Es gibt aber auch spezifische Herausforderungen für unsere Branche: Durch die Umsetzung von Industrie 4.0 werden die industriellen Anlagen und Systeme zunehmend vernetzt, so dass die Bedrohungen aus der Office-Welt nun in den Produktions- und Fertigungsumgebungen angekommen sind. Für einen zuverlässigen und dauerhaft sicheren Betrieb dieser Anlagen und Systeme kommt es daher nicht mehr nur auf „Safety“, also funktionale Sicherheit, sondern eben auch auf „Security“ an. Die Unternehmen des Maschinen- und Anlagenbaus stehen daher vor der gewaltigen Aufgabe, als Betreiber für die sichere Vernetzung der eigenen Anlagen und Systeme und als Hersteller für die Widerstandsfähigkeit der eigenen Produkte über den gesamten Lebenszyklus sorgen zu müssen.

Inwieweit erhöht der Einsatz von Künstlicher Intelligenz (KI) das Angriffsrisiko?

Ich glaube, dass es noch einige Zeit dauern wird, bis wir auf der Angreiferseite einen Einsatz von KI im großen Stil sehen werden.

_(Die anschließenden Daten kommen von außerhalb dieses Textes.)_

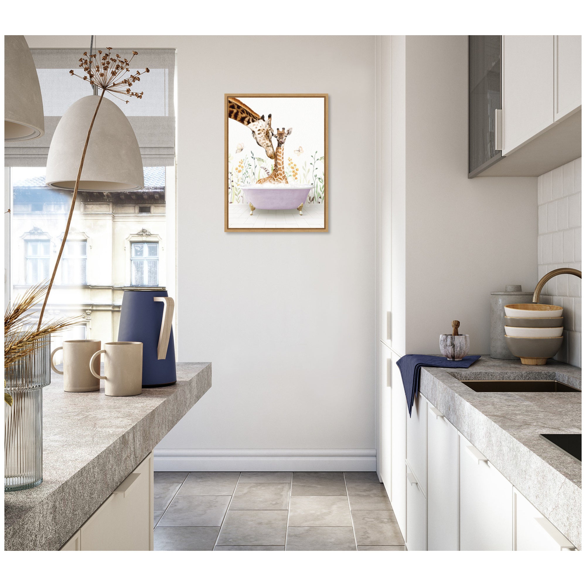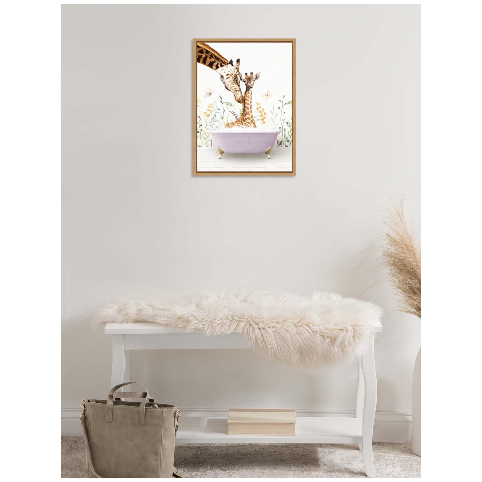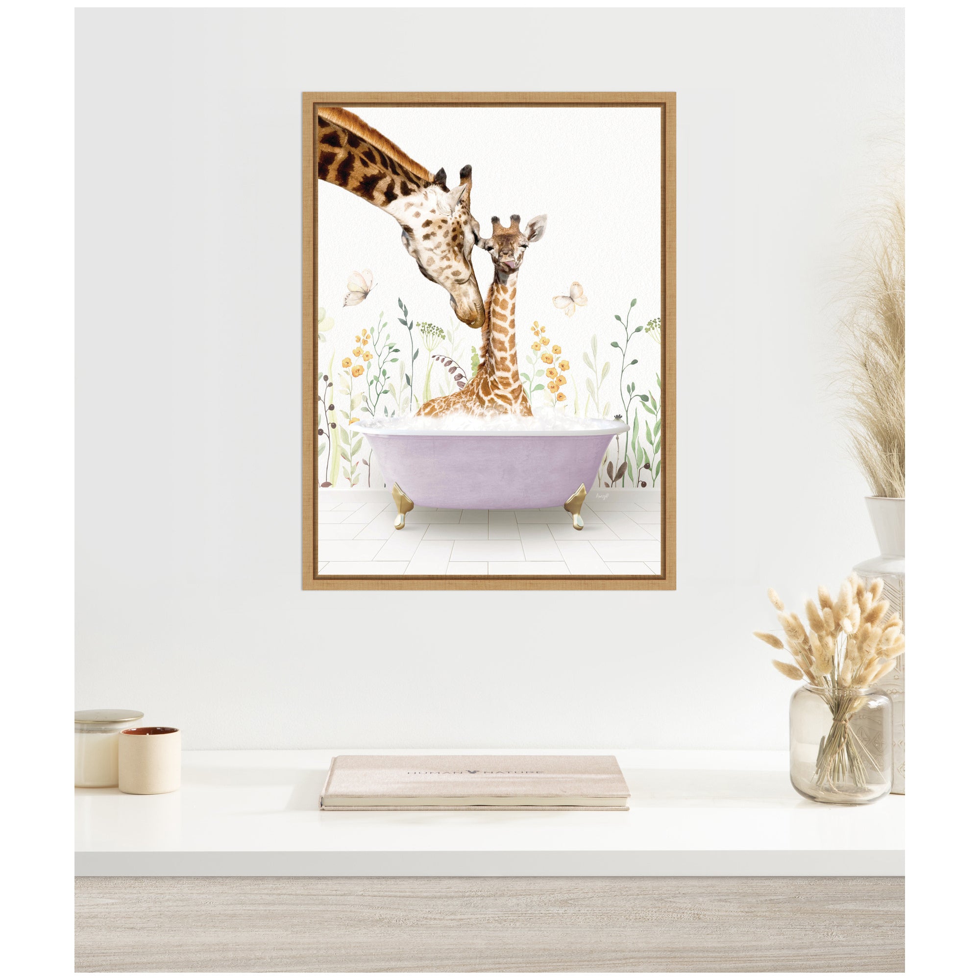 Sylvie Mother and Baby Giraffe in Spring Bathtub Framed Canvas by Amy Peterson

Wir erleben ja gerade beim Thema Ransomware, wie einfach es für die Angreifer ist, ganze Unternehmensnetze zu kapern – eine erfolgreiche Phishing-Mail hier, ein fehlender Sicherheitspatch oder ein schlecht gesichertes Administrationskonto dort. Dafür brauchen diese Gruppen gewiss keine KI, warum sollten Sie also den Aufwand treiben? Eine Ausnahme bildet vielleicht das Social Engineering, wo sich beispielsweise „Deepfake“-Algorithmen nutzen lassen, um beim CEO Fraud einen Anruf mit der Stimme des Chefs zu fälschen.

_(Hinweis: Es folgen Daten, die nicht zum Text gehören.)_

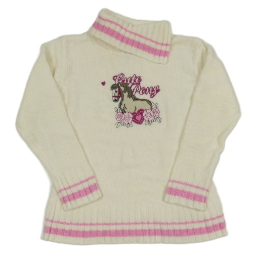 Smotanový sveter s růžovým lemem a koněm a rolákom C&A

Auf der Verteidigerseite sieht das natürlich anders aus: Da die zu bewältigenden Datenmengen riesig und gute Sicherheitsexperten rar und teuer sind, kann KI hier echte Vorteile durch Entlastung der Security-Analysten bieten. Das Problem mit KI ist jedoch, dass diese Systeme nur so gut sind wie die Daten, mit denen sie gefüttert wurden. Von kommerziellen Gesichtserkennungssystemen ist zum Beispiel bekannt, dass diese für bestimmte demografische Gruppen einen starken Bias haben. Wie das bei einem KI-System für die Bedrohungsanalyse aussieht, kann ich als Anwender kaum prüfen, da ich über keine repräsentative Stichprobe aller Bedrohungen verfüge. Der Angreifer hingegen kann seine Methoden und Werkzeuge je nach Schwäche des eingesetzten Systems anpassen.

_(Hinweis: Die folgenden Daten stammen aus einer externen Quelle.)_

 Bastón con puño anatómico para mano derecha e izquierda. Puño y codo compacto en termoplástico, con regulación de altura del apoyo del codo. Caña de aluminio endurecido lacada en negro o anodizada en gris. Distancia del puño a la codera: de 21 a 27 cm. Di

Verraten Sie uns noch: Nutzen Sie die „Corona-App“ der Bunderegierung?

Ja, ich nutze die Corona-Warn-App und würde mir wünschen, dass möglichst viele Menschen dies tun. Jungheinrich hat sich auch als Unternehmen frühzeitig für die freiwillige Nutzung ausgesprochen. Jede Maßnahme, die dazu beitragen kann, die gesundheitlichen und wirtschaftlichen Auswirkungen der Pandemie zu reduzieren, findet zunächst einmal meine Unterstützung. Zudem wurde im Falle der Corona-Warn-App trotz des Zeitdrucks und der Anlaufschwierigkeiten vieles richtig gemacht: der dezentrale, datenschutzfreundliche Ansatz, die Bereitstellung als Open-Source-Code und das Nutzen der standardisierten Schnittstellen von Apple und Google. Wieviel die App schließlich gebracht hat, wird man naturgemäß erst nach Ende der Corona-Pandemie wissen. Mindestens haben wir aber wertvolle Erkenntnisse für die Bewältigung der nächsten Pandemie gewonnen.

Dr. Tim Sattler ist CISO der Jungheinrich AG mit Sitz in Hamburg. Seit acht Jahren verantwortet der promovierte Physiker das Informationssicherheitsmanagement des Konzerns. Dr. Sattler verfügt über 20 Jahre Berufserfahrung in den Themenfeldern Informationssicherheit, IT-Risikomanagement und IT-Compliance. Aufgrund seines beruflichen Werdegangs vom IT-Sicherheitsberater zum Informationssicherheitsmanager ist er sowohl mit den technischen als auch organisatorischen Aspekten der Informationssicherheit vertraut. Er ist Präsident des deutschen Ablegers des Berufsverbandes ISACA und in verschiedenen Gremien der ISACA auf nationaler wie internationaler Ebene aktiv. Dr. Sattler besitzt diverse Berufszertifizierungen, u.a. als CISM, CISA, CRISC, CGEIT, CISSP und CCSP.